High-level representatives from 25 coffee-producing countries in Africa recently concluded a four-day summit in Uganda, pledging to enhance the continent’s equitable standing in the worldwide coffee value chain. Under the banner of the 2nd G-25 Heads of State Africa Coffee Summit, this gathering centered on the theme “Transforming the African Coffee Sector through Value Addition.” Building on the previous summit held in Nairobi last year, participants engaged in comprehensive discussions about redefining the performance and positioning of Africa’s coffee industry.
At the heart of these deliberations was a recognition of the unfavorable dynamics prevailing in the international coffee market, where a significant portion of African coffee is exported with minimal value enhancement. This reality has prompted young entrepreneurs like Gerald Katabazi, owner of an indigenous coffee roastery in Uganda’s capital city, Kampala, to take action. Katabazi and others like him are fervently endeavoring to augment the value of one of Africa’s longest-standing cash crops, thereby augmenting household incomes.
In an interview, Katabazi articulated his passion for coffee, explaining, “Coffee is not just a trade; it’s an avenue for education, employment, and infrastructure development. By investing in coffee’s value addition, we pave the way for more jobs and revenue for our nations.”

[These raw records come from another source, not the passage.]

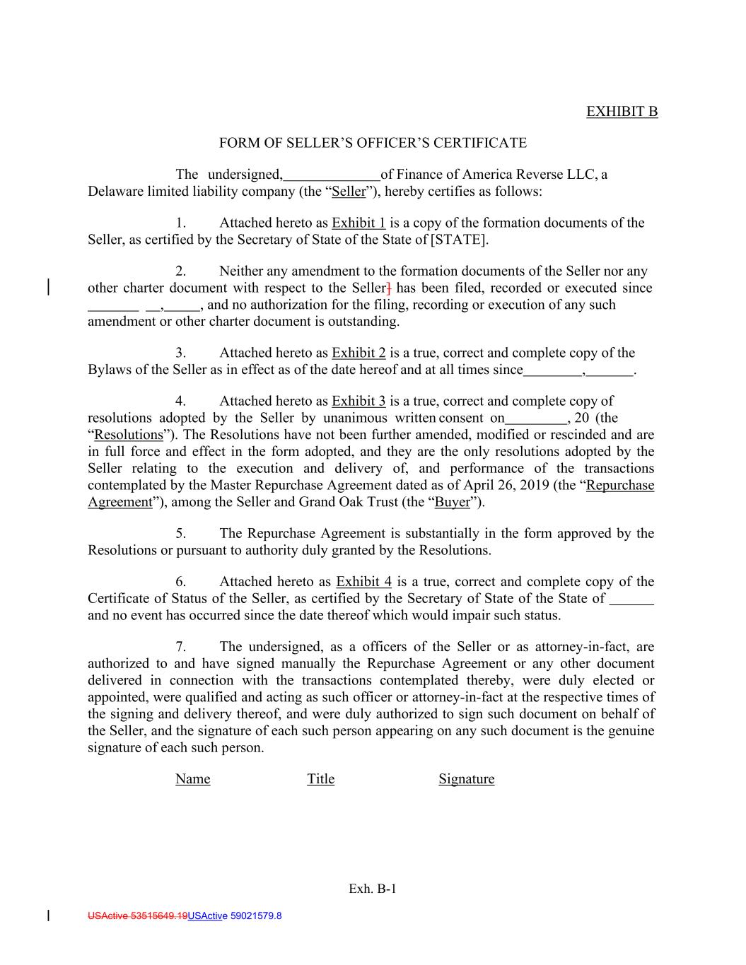 Exh. B-1 USActive 53515649.19USActive 59021579.8 EXHIBIT B FORM OF SELLER’S OFFICER’S CERTIFICATE The undersigned, of Finance of America Reverse LLC, a Delaware limited liability company (the “Seller”), hereby certifies as follows: 1. Attached hereto as Exhibit 1 is a copy of the formation documents of the Seller, as certified by the Secretary of State of the State of [STATE]. 2. Neither any amendment to the formation documents of the Seller nor any other charter document with respect to the Seller] has been filed, recorded or executed since , , and no authorization for the filing, recording or execution of any such amendment or other charter document is outstanding. 3. Attached hereto as Exhibit 2 is a true, correct and complete copy of the Bylaws of the Seller as in effect as of the date hereof and at all times since , . 4. Attached hereto as Exhibit 3 is a true, correct and complete copy of resolutions adopted by the Seller by unanimous written consent on , 20 (the “Resolutions”). The Resolutions have not been further amended, modified or rescinded and are in full force and effect in the form adopted, and they are the only resolutions adopted by the Seller relating to the execution and delivery of, and performance of the transactions contemplated by the Master Repurchase Agreement dated as of April 26, 2019 (the “Repurchase Agreement”), among the Seller and Grand Oak Trust (the “Buyer”). 5. The Repurchase Agreement is substantially in the form approved by the Resolutions or pursuant to authority duly granted by the Resolutions. 6. Attached hereto as Exhibit 4 is a true, correct and complete copy of the Certificate of Status of the Seller, as certified by the Secretary of State of the State of and no event has occurred since the date thereof which would impair such status. 7. The undersigned, as a officers of the Seller or as attorney-in-fact, are authorized to and have signed manually the Repurchase Agreement or any other document delivered in connection with the transactions contemplated thereby, were duly elected or appointed, were qualified and acting as such officer or attorney-in-fact at the respective times of the signing and delivery thereof, and were duly authorized to sign such document on behalf of the Seller, and the signature of each such person appearing on any such document is the genuine signature of each such person. Name Title Signature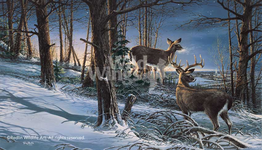 It's that special time in early evening when the western horizon still reflects a dim light and the stars are beginning to assert their rightful presence in the night sky. Standing in silence, the two white-tailed deer watch this transfer of colors and listen to faint sounds from the small town in the flats.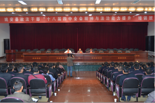 此外,我院当天下午即在姚安县举办了政法干部“十八届四中全会精神与法治能力提升”培训班,校党委副书记、纪委书记胡明出席开班典礼并讲话。第一讲由薛刚凌教授做“深入解读十八届四中全会精神,全面推进依法治国”的专题讲座。之后两天的培训,由我院张锋教授、新闻传播学院姚广宜教授讲授依法行政相关专题。有200余名姚安县政法干部参加了为期三天的培训学习。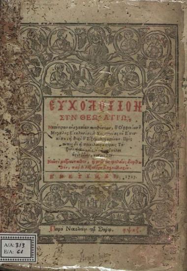 Εὐχολόγιον σὺν Θεῷ Ἁγίῳ... διορθωθέν, παρὰ Ἀλεξάνδρου Καγκελλαρίου..., Βενετία, Νικόλαος Σάρος, 1727.

This concerted effort to drive coffee consumption among the burgeoning middle class in Africa has garnered support from various governments, each contemplating policies to bolster the industry. As highlighted by the Inter-African Coffee Organization (IACO), which co-organized the summit, coffee holds profound significance for African economies, providing livelihoods for approximately 60 million people across the continent. Uganda, for instance, boasts a coffee value chain that supports over 5 million households engaged in diverse coffee-related activities, from cultivation to export.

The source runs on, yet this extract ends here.